* _Work task_: Only an exact copy belongs in the answer: the line with "Mind Reader 2" and every line after it through the end of the records, pictures left out.

----------

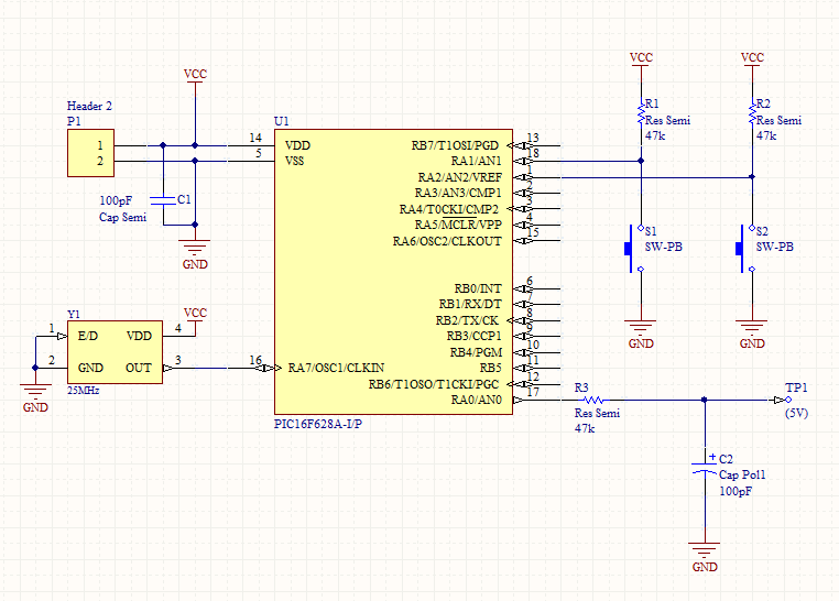 Der PIC16F628 war erstmal nicht in der "Miscellaneous Devices" Library enthalten, aber man konnte die Microchip-Library aus der umfangreichen Online-Datenbank, die knapp 100.000 Teile von über 1.000 Herstellern enthält, kostenlos nachinstallieren. Damit war dann die Schaltung recht schnell gezeichnet:
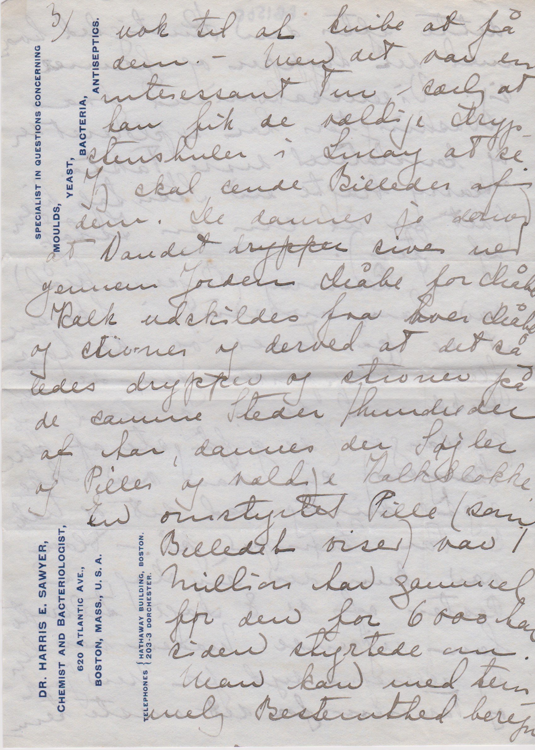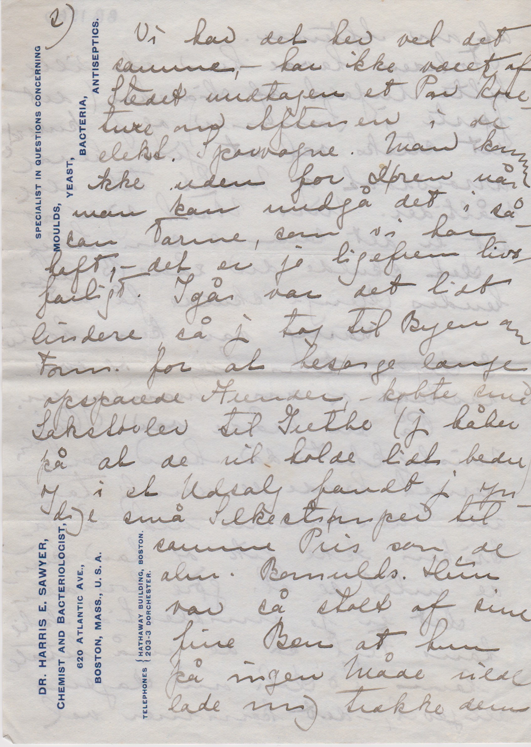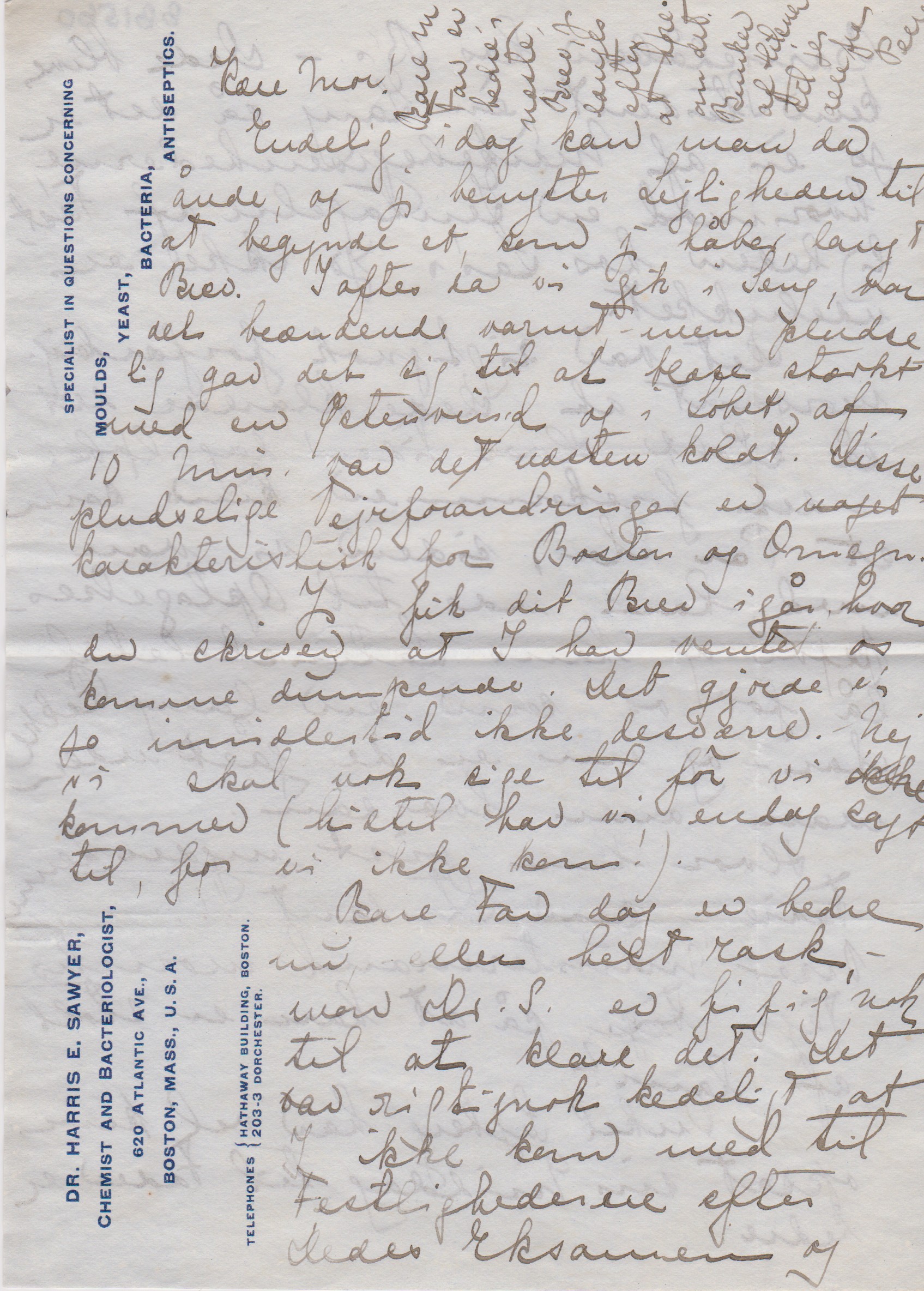 Endelig idag kan man da ånde, og jeg benytter Lejligheden til at begynde et, som jeg håber, langt Brev. Iaftes da vi gik i Seng, var det brændende varmt - men pludselig gav det sig til at blæse stærkt med en Østenvind og i Løbet af 10 Min. var det næsten koldt. Disse pludselige Vejrforandringer er noget [”noget” overstreget] karakteristisk for Boston og Omegn.
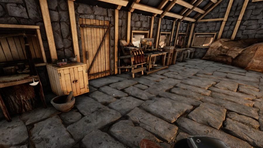 석재를 사용하여 기지를 만들려면 플레이어는 먼저 레벨 15에서 사용할 수 있는 석조 작업대의 잠금을 해제 해야 합니다 . 석재 구조물은 나무보다 훨씬 견고하지만 건설 부품에는 철 부품이 필요합니다. 이러한 구성 요소를 제작하려면 먼저 석재 용광로와 모루를 만들어야 하며, 여기에는 철괴 20개가 필요합니다.
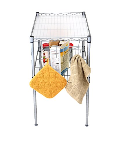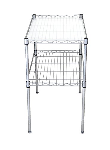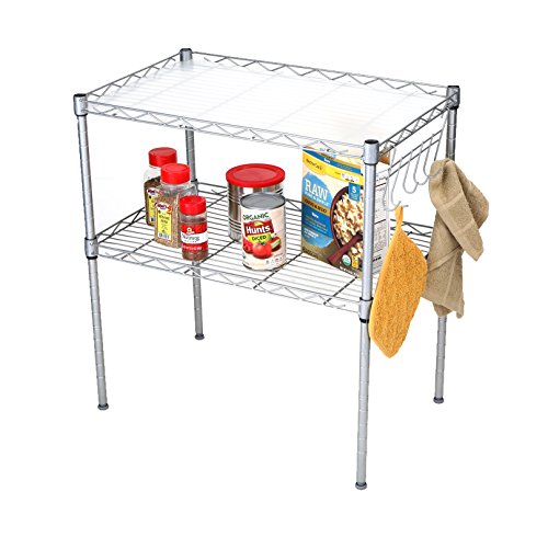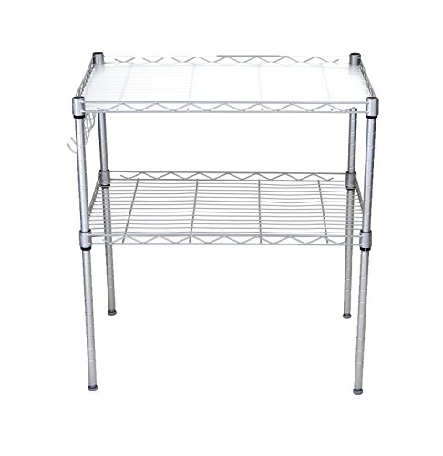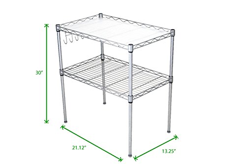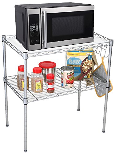 Mind Reader 2 Tier Microwave Shelf and Rack with 6 Hooks, Silver
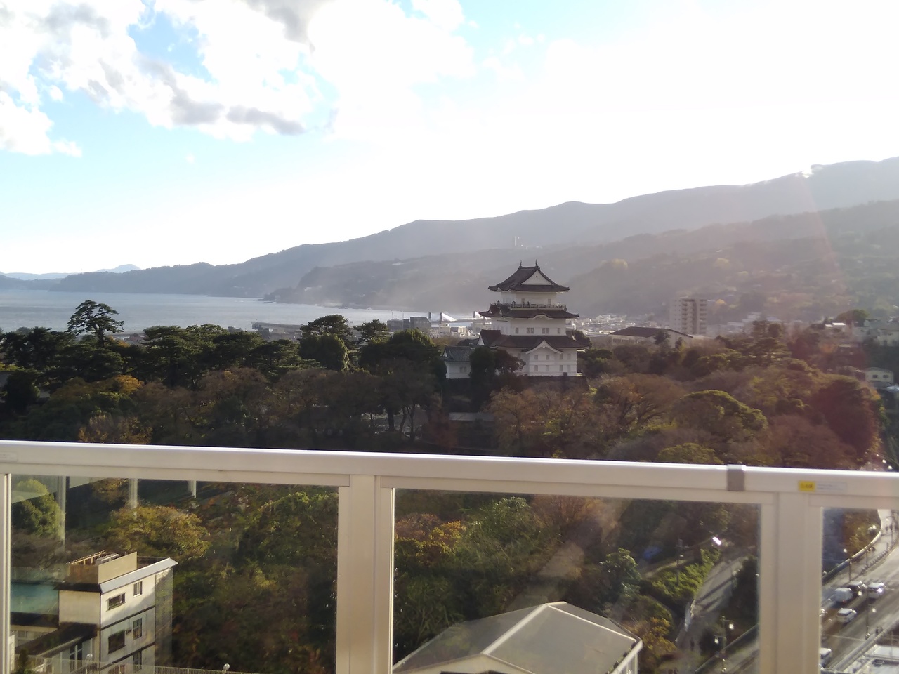 14階の屋上は無料の足湯スポットがあり、小田原の展望を楽しめます。小田原城の天守閣ものぞめました。

----------

* _Answer to the problem_:
 Mind Reader 2 Tier Microwave Shelf and Rack with 6 Hooks, Silver
 14階の屋上は無料の足湯スポットがあり、小田原の展望を楽しめます。小田原城の天守閣ものぞめました。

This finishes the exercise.